Polish lawyer and acting mayor of Gdańsk

Aleksandra Maria Dulkiewicz (born 10 July 1979) is a Polish lawyer and politician serving as the city mayor of Gdańsk since 11 March 2019.

== Life and career ==
In 1994, she graduated from The Primary School No. 50 named after Emilia Plater in Gdańsk. In 1999 she graduated from the III Liceum Ogólnokształcące im. Bohaterów Westerplatte w Gdańsku (a high school). In 2006 she graduated from the University of Gdańsk in law. From 2004 to 2005 she studied at the faculty of Law of University of Salzburg.

She acted in the Association of Young Conservatives and the Conservative People's Party. In 1995 she participated in the mayor campaign of Hanna Gronkiewicz-Waltz. Since 2000, she has worked in the Gdansk AREOPAG organisation. In 2006 she was assistant of the mayor of Gdansk Paweł Adamowicz. She was working in the European Solidarity Centre in the 2009–2014 period and in the Gdansk Economic Development Agency in the 2014–2017 period. She also participated in the preparation of UEFA Euro 2012 in Gdańsk.

In 2010 and 2014 she was elected as a city councillor in Gdańsk, being a candidate of the Civic Platform party, in 2014 she became the leader of the Civic Platform club in the municipal council. From 20 March 2017 to 14 January 2019, she was deputy city mayor of Gdańsk responsible for the economic policy. During the local elections in 2018, she was the campaign manager of Adamowicz (she suspended her membership in Civic Platform then, which later expired).
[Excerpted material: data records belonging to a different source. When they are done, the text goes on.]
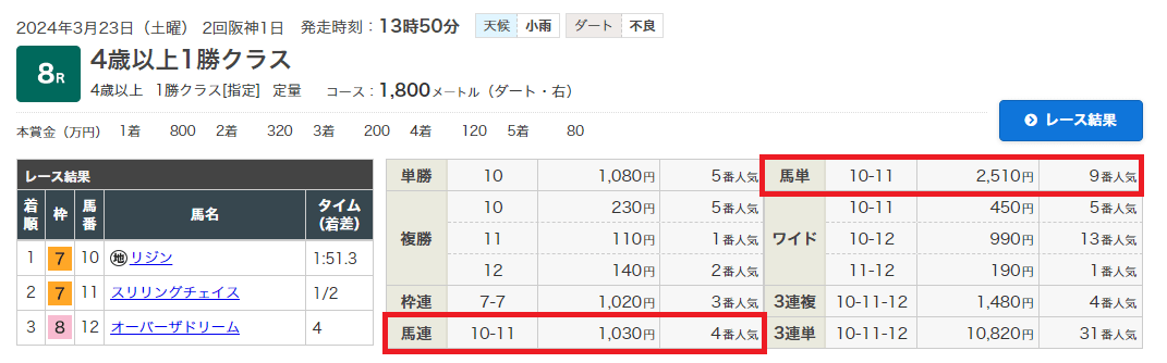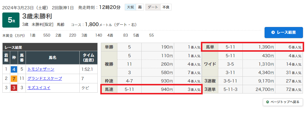 3月123日(土)阪神5R+阪神8R連続的中!
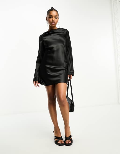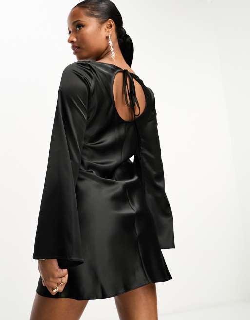 Miss Selfridge satin a line flared sleeve mini dress in black Very well made.
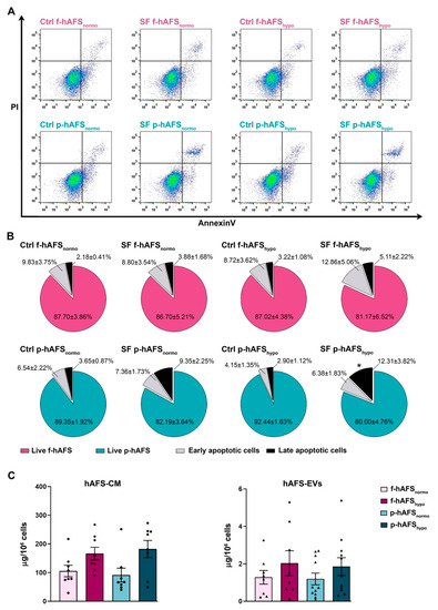 In order to define hAFS secretome formulations, cells were cultured in serum-free conditions to avoid any contamination from FBS. We previously showed that 24 h serum-free (SF) and 1% O2 hypoxic culture conditions did not significantly alter the viability of II trimester fetal hAFS (f-hAFS), while they supported the release of regenerative paracrine factors in their cell-conditioned medium (hAFS-CM) and in extracellular vesicles (hAFS-EVs) [34,35,37,49]. Herein, in addition to profiling the p-hAFS secretome fractions for the first time, we evaluated whether p-hAFS presented similar behavior under the same preconditioning regime, using the normoxic culture condition as the control. f-hAFS and p-hAFS viability was analyzed after 24 h in the following settings: normoxic (20% O2) condition in complete control (Ctrl) culture medium (Ctrl f-hAFSnormo and Ctrl p-hAFSnormo), normoxic condition in SF medium (SF f-hAFSnormo and SF p-hAFSnormo), hypoxic (1% O2) condition in complete control medium (Ctrl f-hAFShypo and Ctrl p-hAFShypo), and hypoxic condition in SF medium (SF f-hAFShypo and SF p-hAFShypo, Figure 3A). We confirmed that f-hAFS viability was unaltered in both Ctrl and SF conditions and under hypoxic stimulation, with more that 80% (up to almost 88%) of total cells being unaffected. Early and late apoptotic cells ranged from ca. 13% to 18% in SF conditions, without any statistically significant relevance. Likewise, perinatal hAFS viability was in the range of 80–92%, and early and late apoptotic cells represented up to 18% in SF conditions. p-hAFS were marginally influenced only under the combined hypoxic and SF conditions; indeed, while preconditioning did not influence cell survival when p-hAFS were cultured in complete medium, the corresponding SF condition showed an increase by ca. 4-fold (* p < 0.05) of late apoptotic cells (Figure 3B).
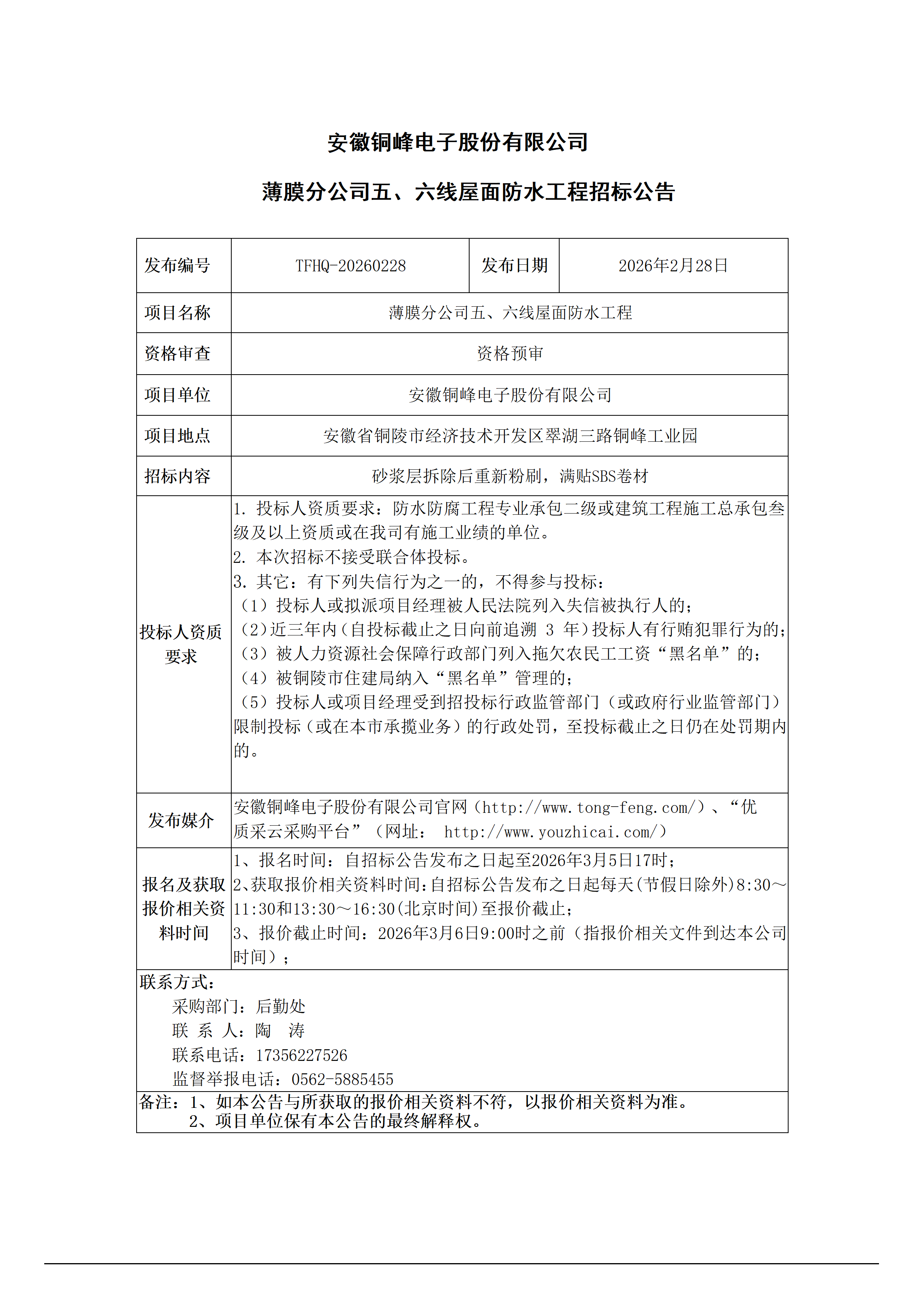 01安徽銅峰電子股份有限公司 (薄膜分公司五、六線屋面防水工程 招標(biāo)公告)_01

In this election, she received re-election in the city council, being a candidate of the Committee Everything for Gdańsk.

On 14 January 2019, after the assassination of Adamowicz, she assumed the position of an acting city mayor of Gdańsk. On 15 January 2019, the Prime Minister Mateusz Morawiecki confirmed that she would continue as the acting city mayor until the election of a new one.

On 22 January 2019, she ran for the mayoralty of the city of Gdańsk in the early elections held on 3 March 2019, and was elected with the 82% of the votes. She started her term on 11 March 2019, as first woman on this post. In 2024, she was re-elected as Mayor of Gdańsk in the 2024 Polish local elections winning 62.3% of the votes.

== Personal life ==
Dulkiewicz is a single mother with a daughter named Zofia (born 2008). She is a Roman Catholic.